* _Exercise description_
Could you copy exactly the lines below, beginning at the line with "袜贵人新品蕾丝拼接假高筒少女洛丽塔唯美性感软妹少女美腿丝袜女" and stopping after the line with "Defend the space", with no pictures?

* _Supplied records_
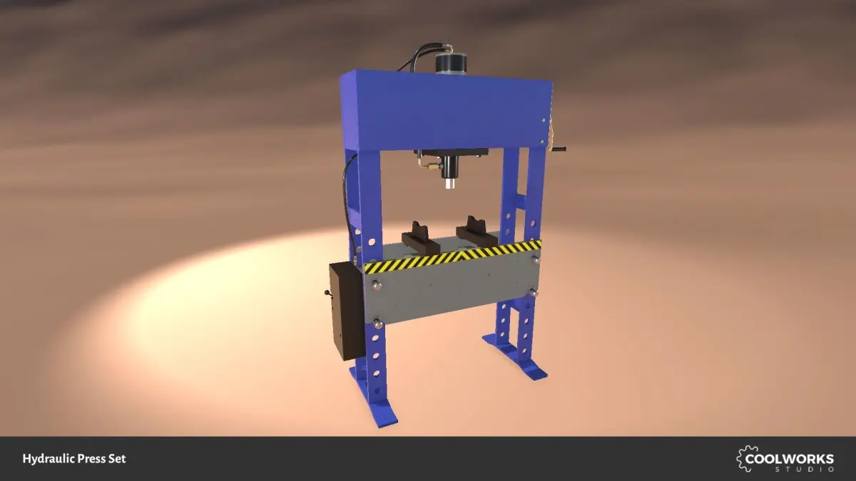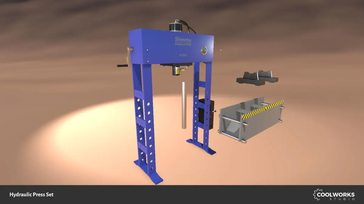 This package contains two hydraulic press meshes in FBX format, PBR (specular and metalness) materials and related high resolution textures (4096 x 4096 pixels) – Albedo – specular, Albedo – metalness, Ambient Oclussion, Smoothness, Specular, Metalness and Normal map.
* * *
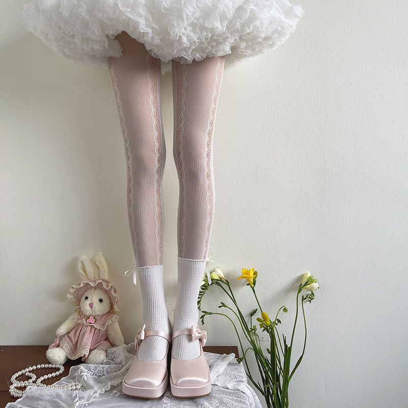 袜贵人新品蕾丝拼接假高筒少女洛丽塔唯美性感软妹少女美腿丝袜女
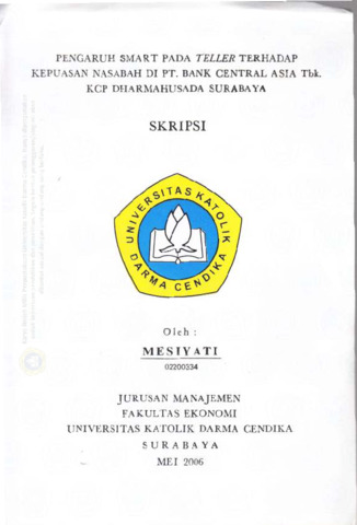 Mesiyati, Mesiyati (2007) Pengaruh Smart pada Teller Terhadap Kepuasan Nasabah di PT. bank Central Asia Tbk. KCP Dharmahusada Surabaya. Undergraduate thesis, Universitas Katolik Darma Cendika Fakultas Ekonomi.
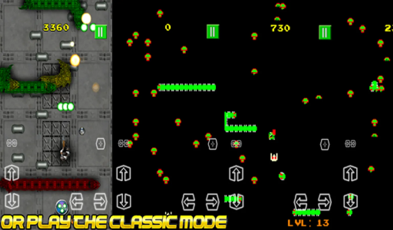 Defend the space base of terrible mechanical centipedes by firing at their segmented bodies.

* _Exercise response_
 袜贵人新品蕾丝拼接假高筒少女洛丽塔唯美性感软妹少女美腿丝袜女
 Mesiyati, Mesiyati (2007) Pengaruh Smart pada Teller Terhadap Kepuasan Nasabah di PT. bank Central Asia Tbk. KCP Dharmahusada Surabaya. Undergraduate thesis, Universitas Katolik Darma Cendika Fakultas Ekonomi.
 Defend the space base of terrible mechanical centipedes by firing at their segmented bodies.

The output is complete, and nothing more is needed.